I do not intend to wear a toxic mail exchange with you. I just wanted to give you the opportunity to use your free time ... too much free time 
and to give you a chance to use it in a constructive way ... I do not have time for irony … 

 ... that's right, you do not know me at all, but I know something about yourself .... and about people like you. 

I do not want a war with you because, long ago, I learn not to go into unequal fights. It would not be fair either to me or to you ... but I know what loneliness Certainly means and i'm not scare. I know what means to gave up dignity, to manipulate, to be a beggar and a dependable woman. Its (all) are the attributes of a whore...for lack of better words … 

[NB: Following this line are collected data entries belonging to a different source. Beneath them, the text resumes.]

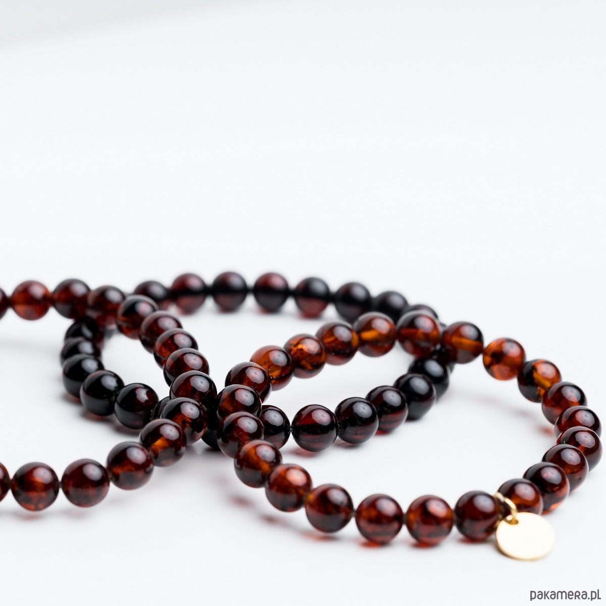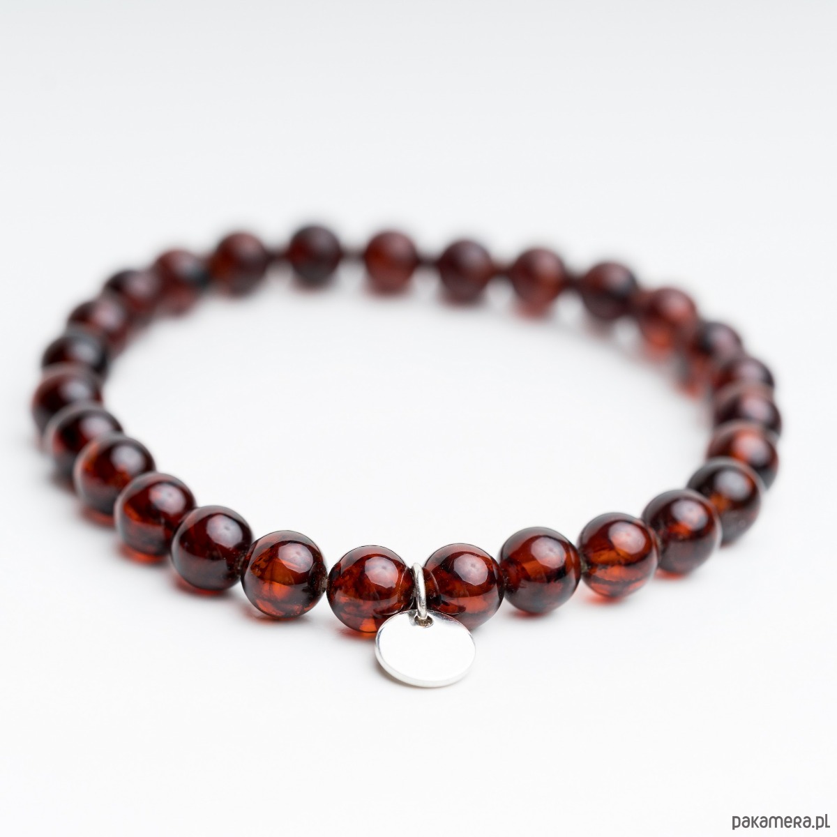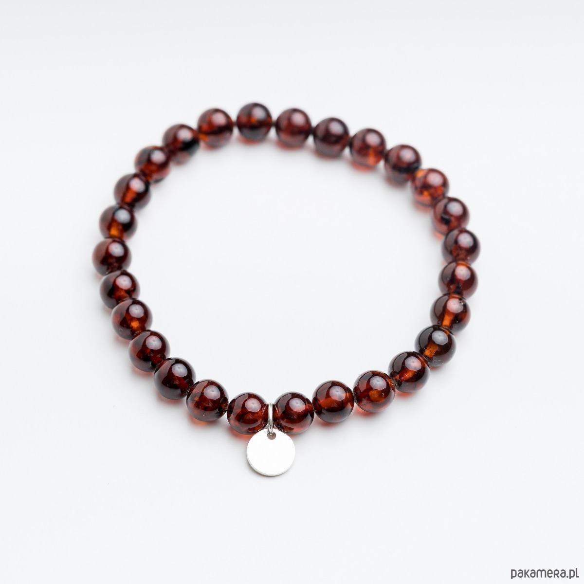 Elegancka bransoletka wykonana z naturalnego bursztynu bałtyckiego o regularnym kształcie kulki 8 mm. iemny wiśniowy odcień bursztynu pięknie mieni się w świetle, podkreślając naturalne inkluzje i wyjątkowy charakter każdego koralika.
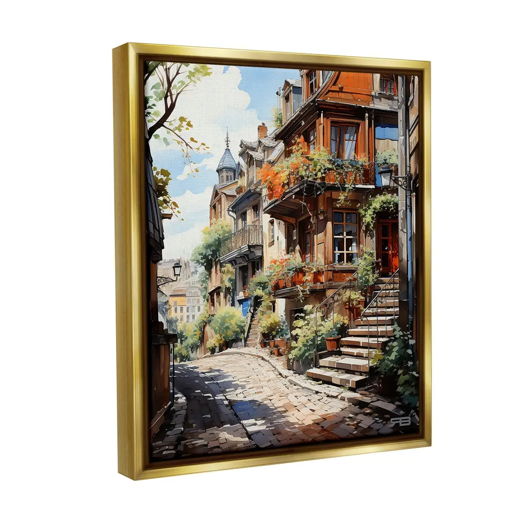 Stupell Cobblestone Walkway In Town Framed Floater Canvas Wall Art Design By Rb - 17 X 21 - Gold
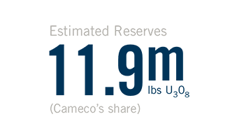 | Estimated reserves | 11.9 million pounds (proven and probable), average grade U3O8: 0.59% |
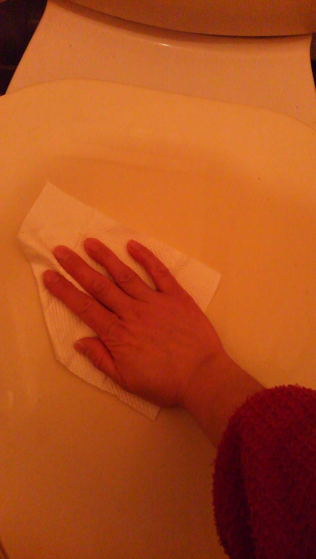 便座表面が綺麗になったか どうかを手の平を使って触りながら確認していきます。
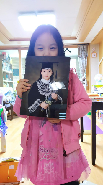 아이의 졸업복을 입은 사진이 담긴 액자도 마음에 쏙 든다. 가장 선명하고 잘 찍힌 사진을 고른 듯하다.
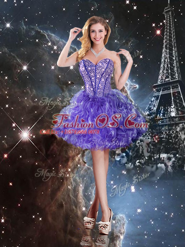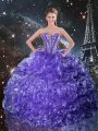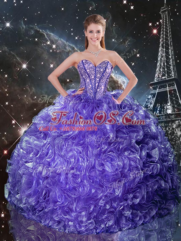 Purple Sleeveless Organza Lace Up 15 Quinceanera Dress for Military Ball and Sweet 16 and Quinceanera

do not kid yourself that the status of mother ennobles you so much that would delete(errase) all the pain and misery you cause to those around you, in the name of love without meaning ... but if it calms you down.. .I'm happy for you!

_________



Eva read couple of times the letter and her reaction to this was :    NONE 

Thou, she was so angry with the nick names Beja gave her and with her involvement in Eva's personal life (with how she knew personal stuff and put it in "Beja-ness" interpretation... .) 
All this reminded her :       " This is what fRIENDS are for".

Eva knew that the best revenge was not to reply at all: no comments, no reaction, no emotion, like she really did not care about her "NEW friend" 's opinion, would be the best punishment

ps: I guess(I know)was the best. 


NOTE: 
This is a fiction essay. 
All the similarities with real persons are pure coincidences.